To record these pacakges, you need to update the lockfile by taking a “snapshot” of the current status of the project with renv::snapshot()
.
Update the lockfile
-
Run
renv::snapshot()
in the console. -
You will see a list of packages and the text “Do you want to proceed? [Y/n]:”. Type “y” and press enter.
-
Run
renv::status()
in the console.
When all used packages are installed and recorded with their proper versions, renv::status()
will display
No issues found -- the project is in a consistent state.
These three functions (renv::init()
, renv::snapshot()
and renv::status()
) should be enough to work locally within a controlled environment and with an updated lockfile.
renv for reproducibility
All this work wouldn’t be useful if there wasn’t a way of using the lockfile to consistently recreate the same environment. This is where renv shines.
Anyone who wants to install the same packages that you use with their exact versions can download your code, open the project and use renv::restore()
.
This will install everything in their local project library so they can be up an running in no time.
Restore an environment
-
Download this reproducible project.
-
Open the project and run
renv::status()
in the R console. What’s the status of the packages? -
Run
renv::restore()
in the R console and proceed. -
Run
renv::status()
again to check that the project is in a consistent state. -
Render
analysis/report.Rmd
to make sure that it worked.
You don’t need to share the renv/library
folder, which holds the installed packages.
You share only the renv.lock
file (and the rev/activate.R
file, which is a very cool script that auto-installs the correct version of renv if needed!).
If you use git, you don’t need to think about this because renv takes care of that with a special renv/.gitignore
file.
Caveats
The lockfile
The lockfile holds a snapshot of the project library at a moment in time, but it doesn’t guarantee that this corresponds to the rendered result. The lockfile could be out of date when the code is run, or the code might have been run with a previous version of the lockfile. It’s up to you to always render your file when the project is in a consistent state.
Dependency discovery
The automatic dependency discovery is really cool, but somewhat limited.
It understand the most common and obvious ways a package can be loaded in a script, but it can fail if you use some more indirect methods.
As we saw, it fails to detect the markdown dependency.
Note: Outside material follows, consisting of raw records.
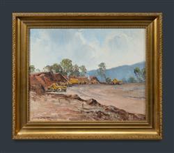 LONG, Leonard (1911-2013) Mining Scene, East Coast Malaya,' 1963. Oil on Canvas 39.5x50cmEstimate $500-800
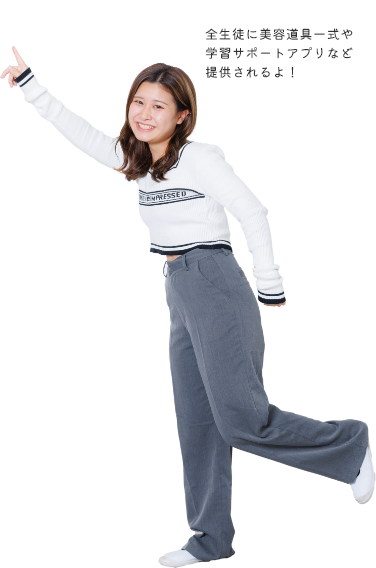 美容師国家資格の取得をベースにトータルに美容を学ぶので、やりたい分野がきっと見つかります。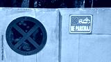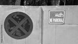 Weathered signs, including a 'No Parking' sign and a no-stopping sign, are attached to a gray fence with visible signs of wear and tear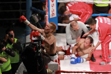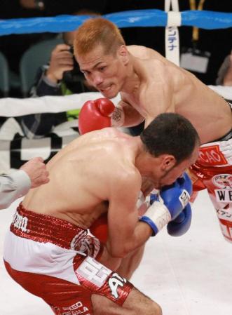 山下会長に飛びつき喜ぶマルコム・ツニャカオ(撮影・神子素慎一)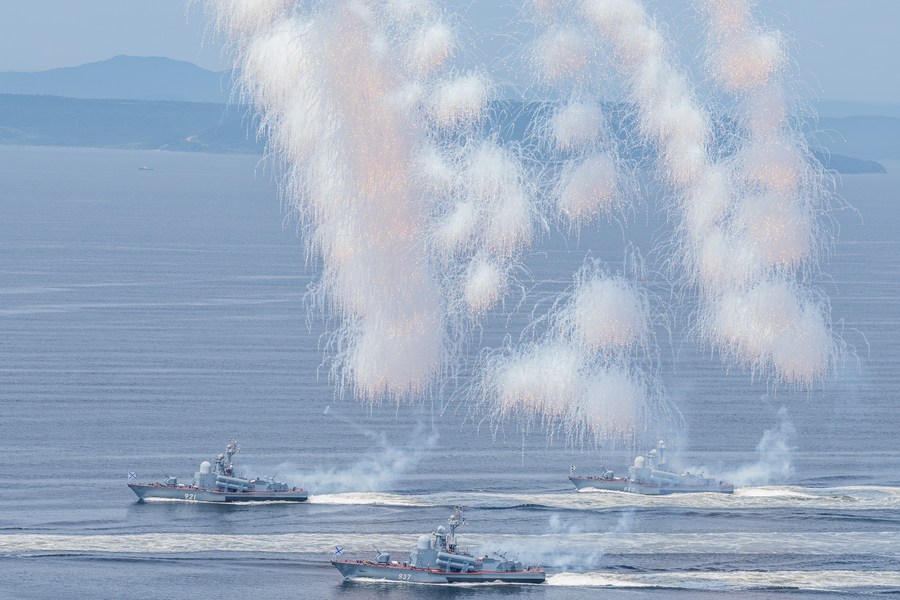 30 июля, Владивосток, Россия. Военные корабли запускают салют в День ВМФ. /Фото: Синьхуа/

It also fails if you use functionality in a package that depends on Suggested packages (e.g. ggplot2::geom_hex()
requires the hexbin package, so you need to add an explicit library(hexbin)
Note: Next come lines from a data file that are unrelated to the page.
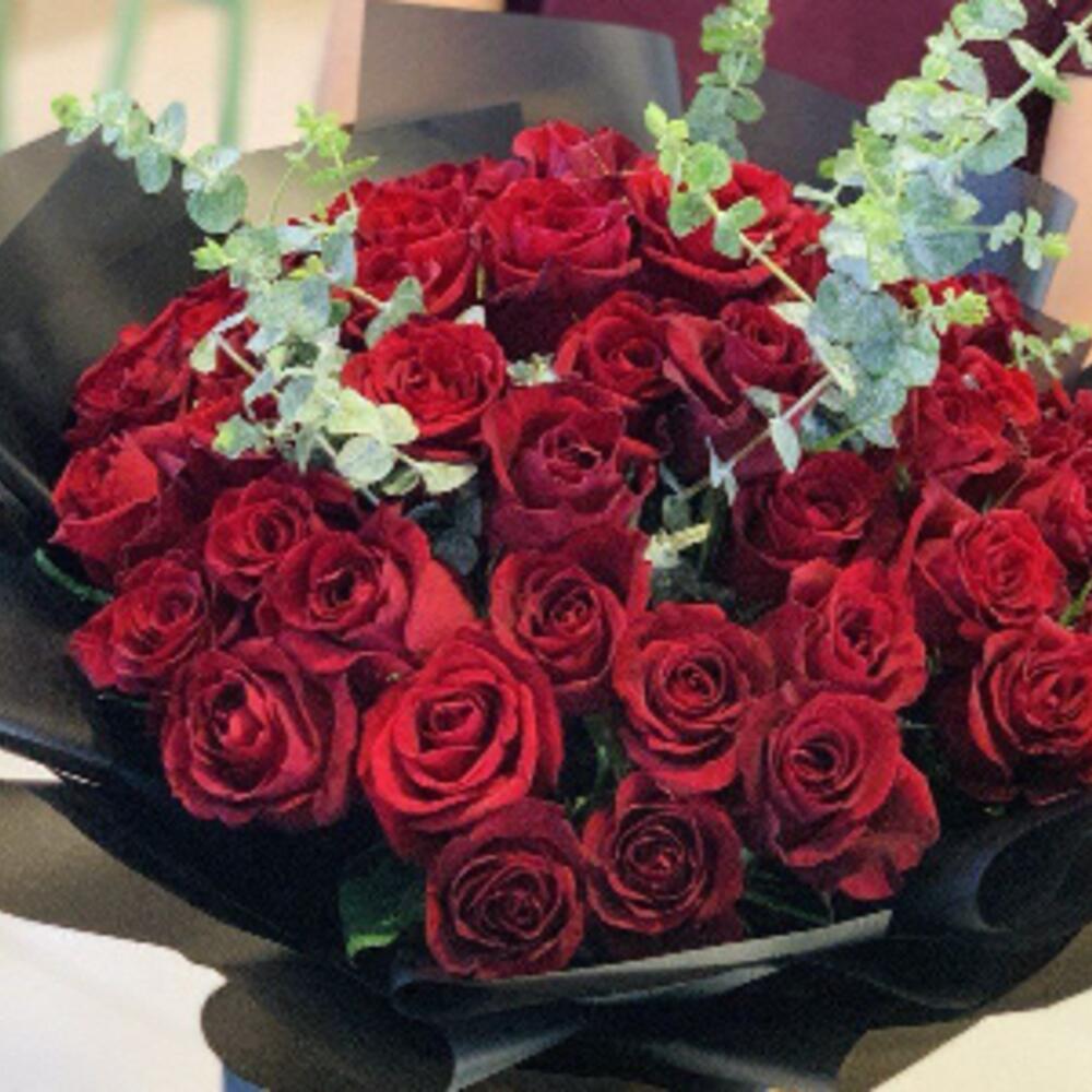 black magic red rose - 101 pcs eucaly 5 stems - 5 pcs nice black warpping papper - 25 pcs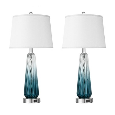 GDFStudio Liora Mercury Glass Table Lamp with 3-Color Temperature Lighting and USB Ports (Set of 2)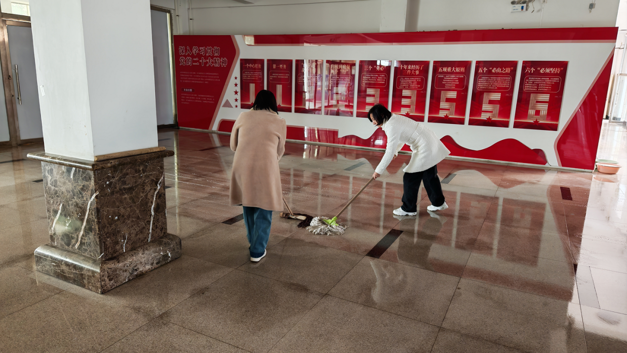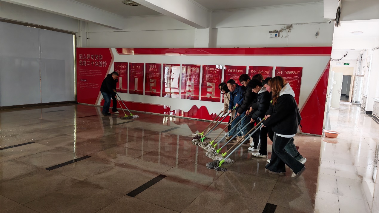 活動伊始,支部負責人對清掃活動進行了細致分工,明確了各小組的負責區域,涵蓋了教學樓分擔區內多處易被忽視的衛生死角,如樓梯周邊、教學樓大廳等區域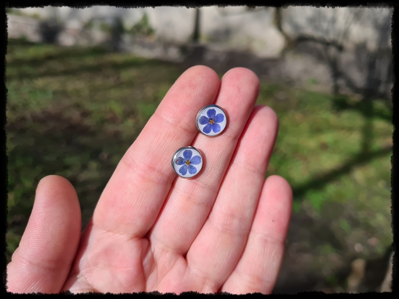 z zatopionymi w żywicy kwiatami niezapominajki.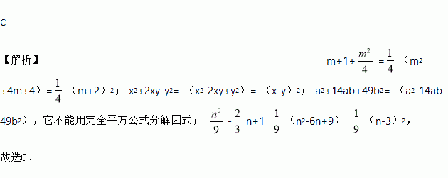 下列多项式中,不能用完全平方公式分解因式的是( )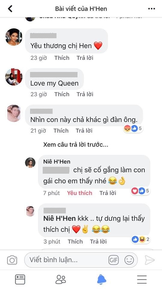 Bình luận này đã gặp phải rất nhiều sự phản đối cũng như gây bức xúc cho nhiều fan của H'Hen Niê. Trước lời bình luận không mấy tốt đẹp về mình, người đẹp Ê-đê khéo léo trả lời lại: “Chị sẽ cố gắng làm con gái cho em thấy nhé”.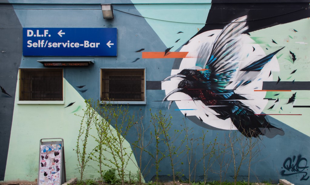 Vida Krei, da quando si è insediata, ha rinnovato completamente gli esterni e parzialmente anche gli interni dello stabile. La situazione è fluida, le decorazioni cambiano velocemente. Attualmente si possono vedere le opere di Psiko – che negli ultimi anni si sta dedicando soprattutto a suggestive rappresentazioni di uccelli in volo, catturati nei loro movimenti grazie alla tecnica del glitching – i pattern iconici, pop e minimali, di Human Alien, il ritratto di donna realizzato da Mendez, l’albero surreale di Stefano Capozzi, il grande intervento figurativo di Macs: un ragazzo assieme a una scimmietta, accucciata sulla sua spalla.
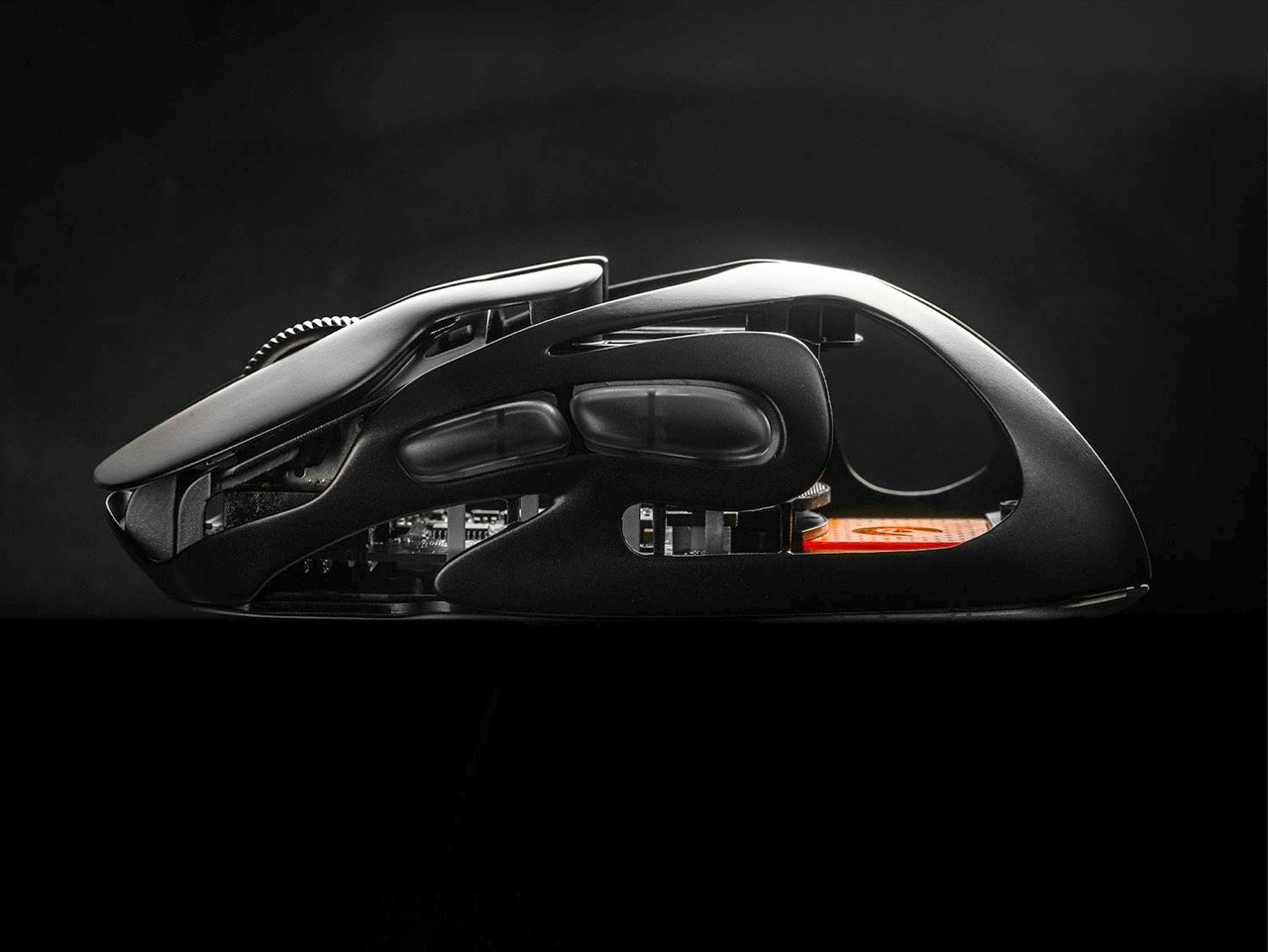 Техническое оснащение включает высокоточный сенсор PAW3950 с частотой опроса 8K Гц, обеспечивающий максимальную отзывчивость в игровых сценариях. Главной инновацией устройства стала запатентованная система питания: пользователь может извлечь разряженный аккумулятор через заднюю панель и заменить его на заряженный, не прерывая работу мыши и не отрывая её от поверхности стола.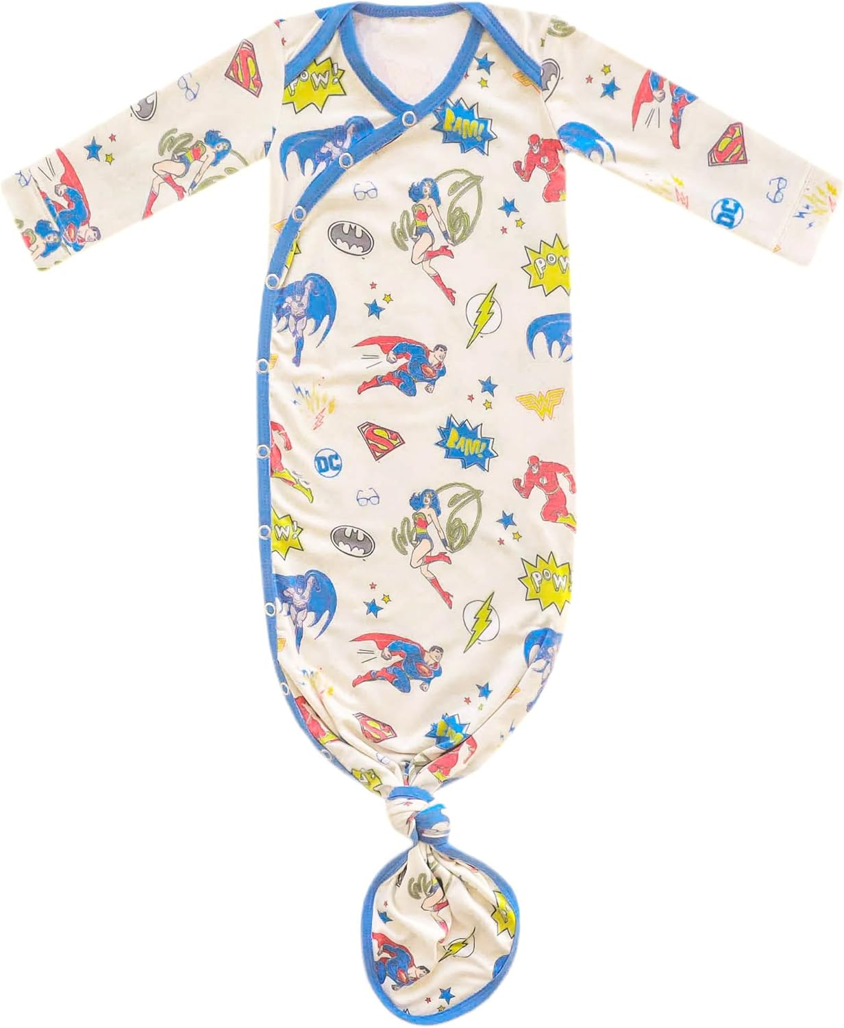 Copper Pearl Baby Gown - Knotted Newborn Sleepers for Baby Boy and Girl, Soft Stretchy Long Sleeve Infant Gowns with Bottom Tie and Hand Mittens, Perfect Hospital Coming Home Outfit (Justice League)

somewhere in your project).
Package installation
Sometimes package installation fails.
One common case would be if you installed a CRAN-compiled package in Windows but the person trying to restore()
the environment is running Linux.
Since CRAN doesn’t offer compiled packages for Linux, renv will try to install from source, which can fail if compilation requires missing system dependencies.
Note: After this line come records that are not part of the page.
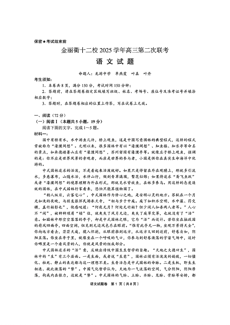 金丽衢十二校2025-2026学年度高三年级第二次联考 语文.pdf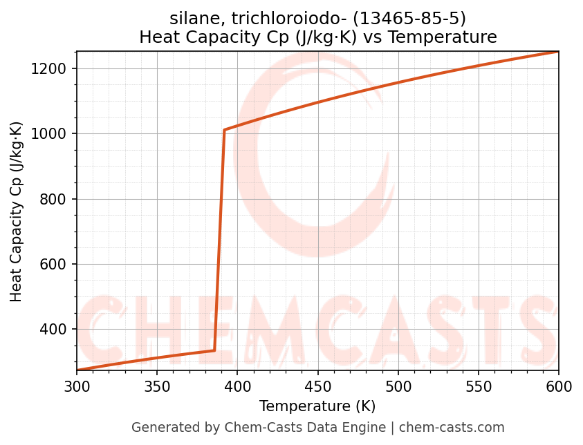 - Specific heat capacity (Cp) indicates the amount of energy required to raise the temperature of silane, trichloroiodo- and is critical for energy balance and heat-exchanger design.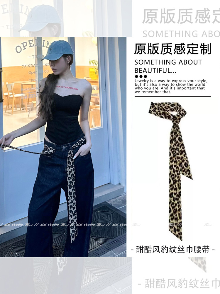 Millennial Hot Girl Leopard Print Scarf Niche Belt Outfit Jeans Accessories Y2K Waist Accessory Ribbon New Waist Chain for Women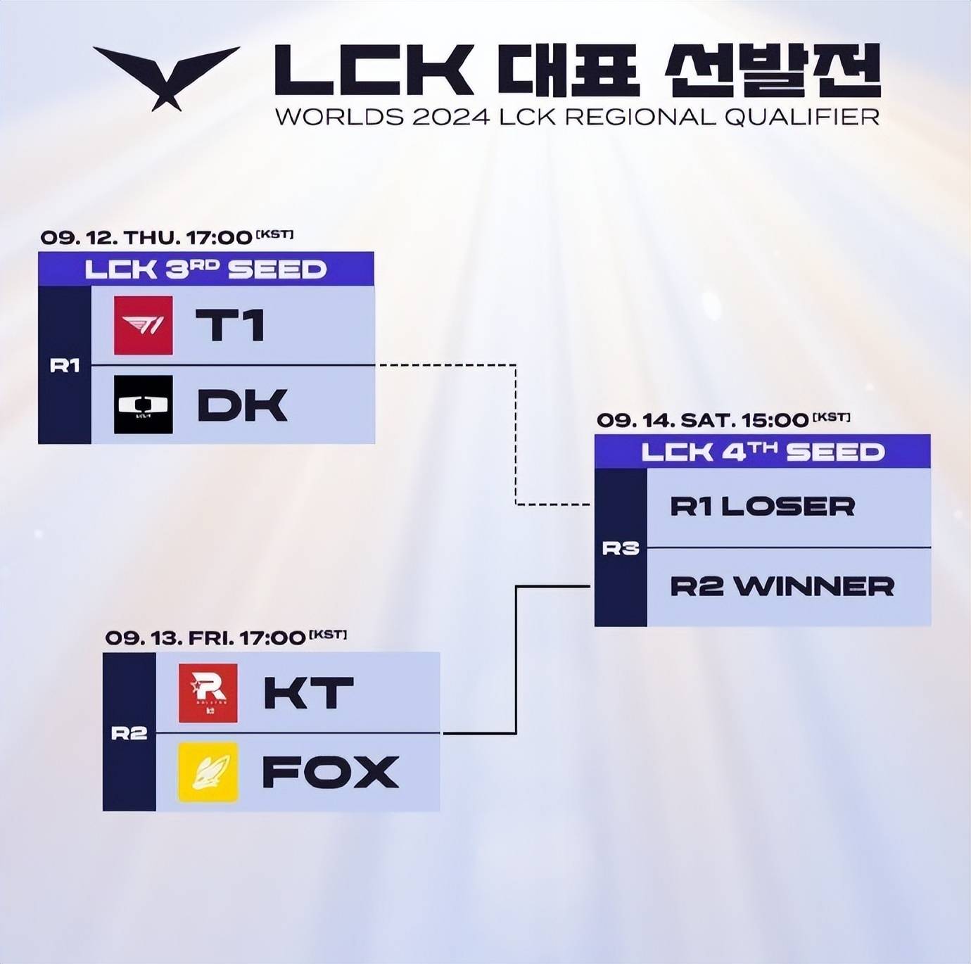 LCK赛区可能是全世界决出S赛名额最慢的赛区,随着夏决的落幕,LCK赛区的三、四号种子,仍需通过9月12日开始的冒泡赛来确定最终的名额。目前,败者组的对阵情况为KTvsFOX、胜者组的对阵情况为DKvsT1。

There’s nothing renv can do in this case, but the problem can be resolved by installing the relevant system dependencies.
Package installation will fail if the remote repository that hosts a package is unreachable either due to local connection issues or it being down, or deleted. Again, there’s nothing renv can do in that situation.
Package installation can fail if the package requires compilation but the machine doesn’t have enough RAM to compile. This is the case with the sf package, which cannot be compiled in the free-tier RStudio Cloud machine.
System dependencies
Furthermore, some R packages require certain system dependences to be installed to run. renv does not handle these cases yet, so if you are using a package that needs system dependencies, installation could fail if these are not met. Even if installation goes well, a package might not work if it has unmet runtime dependencies.
Even in the case in which system dependencies are fulfilled, renv offers no guarantee that these are the same versions used to run the analysis. This means that if results depend on the version of some system dependency, renv will not be able to ensure reproducibility. This includes the version of R itself!
One tool to ensure that the whole system is stable is using containers, which is the subject of the next section.